Along with Snowpark for Python, we are also announcing the public preview of Snowpark-optimized warehouses. Each node of this new warehouse option provides 16x the memory and 10x the cache compared to a standard warehouse, thereby unlocking ML training inside Snowflake for large data sets. Data scientists and other data teams can now further streamline ML pipelines by having compute infrastructure that can effortlessly execute memory-intensive operations such as statistical analysis, feature engineering transformations, model training, and inference within Snowflake at scale. Snowpark-optimized warehouses come with all of the features and capabilities of virtual warehouses including a fully managed experience, elasticity, high-availability, and built-in security properties.
Tip: You can continue to run Snowpark workloads in standard warehouses if they do not require the additional resources enabled by Snowpark-optimized warehouses. For example, to get the most cost-effective processing, without having to stand up separate environments or copy data across clusters, your ML workflow could look something like this:
To learn how to get the most out of Snowpark and Snowpark-optimized warehouses for ML, be sure to check out the What’s New: Data Science & ML recorded session from Snowday.
Real customer success stories
Using Snowpark’s rich set of functionality, thousands of customers and partners have deployed value-generating solutions for a wide array of tasks. For example, there are many customers using Snowpark to identify potential data quality issues and perform data validation tasks; others are using Snowpark to parse, transform, and load structured, semi-structured, and unstructured data as part of their data engineering pipelines; and many more are putting Snowpark at the heart of their ML stack.
Don’t just take our word for it—check out how Snowpark developers are driving value in their organizations:
Feature engineering that effortlessly scales from development to production
Sophos protects users online with a suite of cybersecurity products. Using the Snowflake Data Cloud, Sophos AI can quickly increase the accuracy of its ML models by allowing data scientists to process large and complex data sets independent of data engineers. Using Snowpark, data scientists can run both Python scripts and SQL without having to move data across environments or spending cycles recoding transformations from development to production, significantly increasing the pace of innovation to better protect its customers from cyberattacks.
Large-scale and secure model training and inference with popular open source libraries
One Fortune 500 commercial and retail bank has been modernizing its data and analytics products by shifting from an on-prem Hadoop ecosystem to Snowflake. As part of this journey, the data science team also needed a platform that could meet their growing need for ML use cases. Using XGBoost, available through the Anaconda integration, and Snowpark-optimized warehouses, this Fortune 500 bank was able to securely and effortlessly train a model with a 300M-row data set within minutes, without the need to move data or manage additional infrastructure.
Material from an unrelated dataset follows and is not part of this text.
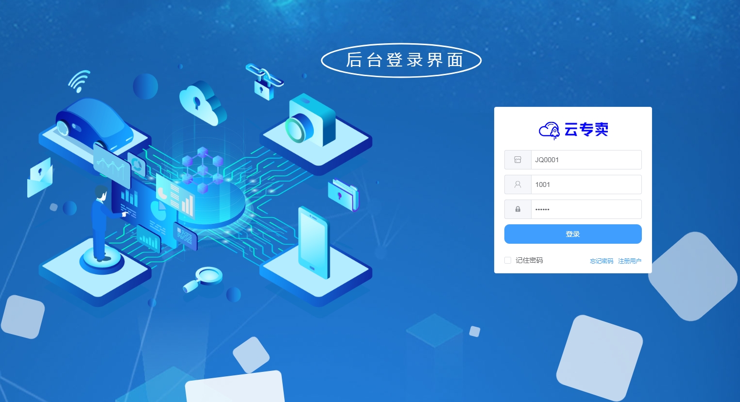 演示账号: 商户号:JQ0001 后台账号:1001 密码:123456

Check out this XGBoost demo of 200 models training in parallel in 10 minutes using UDTFs:
Scalable workflow that provides analysts and BI engineers with self-service metrics
NerdWallet is a personal finance website and app that provides consumers with trustworthy information about financial products. As part of its data-driven mission to enable its business-focused teams to make data decisions quickly and independently, the Data Engineering team developed a scalable workflow using Snowpark and Apache Airflow that empowers the Analytics teams to define, publish, and update their domain-specific data sets directly in Snowflake.
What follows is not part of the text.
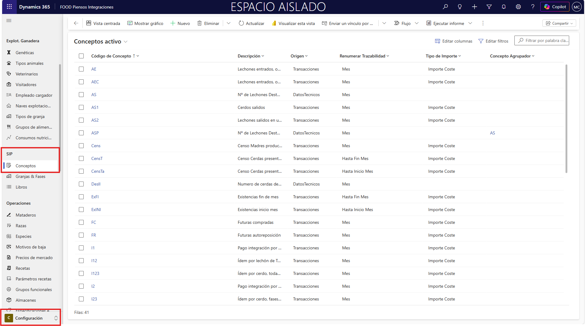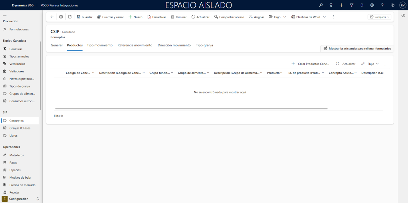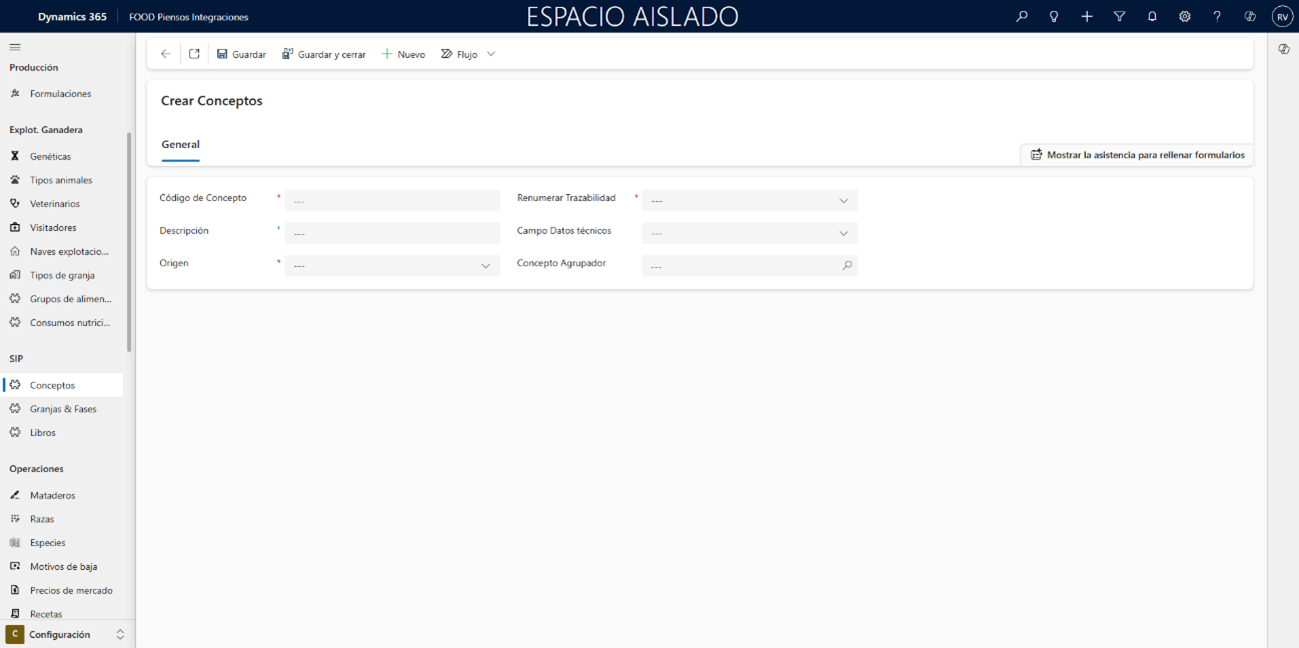 El primer elemento que debe configurarse dentro del SIP son los Conceptos. Estos definen la lógica y el comportamiento que tendrá el sistema al registrar operaciones en los distintos diarios.

Check out this blog post featuring sample code from Adam Bayrami, Staff Software Engineer at NerdWallet, and his team
Effortless execution of custom Python logic, including pre-trained deep learning models for better threat detection
Anvilogic is a modern security operations platform that unifies and automates threat detection, hunting, triage and incident response. To detect malicious attacks using text classification, Anvilogic’s data science team leverages the Snowpark API to prepare (e.g., create text substrings as features) millions of logs for training. Once the deep learning models are trained, its ML team can easily conduct complex inference computation in Snowflake using Snowpark for Python UDFs.
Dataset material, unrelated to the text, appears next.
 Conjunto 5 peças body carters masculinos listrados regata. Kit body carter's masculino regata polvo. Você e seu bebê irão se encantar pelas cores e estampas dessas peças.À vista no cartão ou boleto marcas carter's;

Read more about Anvilogic’s approach in this blog post from Michael Hart, Principle Data Scientist
Modernizing data processing infrastructure for large-scale data pipelines
IQVIA provides advanced analytics, technology solutions, and clinical research services to the life sciences industry. Its legacy Hive data warehouse and pipeline processing with Spark was limiting the speed at which the company could derive insights and value. Using Snowflake as its data lake and replacing a Spark/Scala rule engine to Snowpark gave IQVIA 2x the performance at 1/3 of the cost.
In addition to customers, our Snowpark Accelerated partners have been building better experiences for their customers by developing interfaces that leverage Snowflake’s elastic engine for secure processing of both Python and SQL. Take, for example, the Dataiku MLOps platform, which accelerates the speed at which projects go from pilot to production; dbt’s Python models, which will now help you unify your Python and SQL transformation logic in production; or Hex, which through Snowpark enables data practitioners to have a language-agnostic notebook interface.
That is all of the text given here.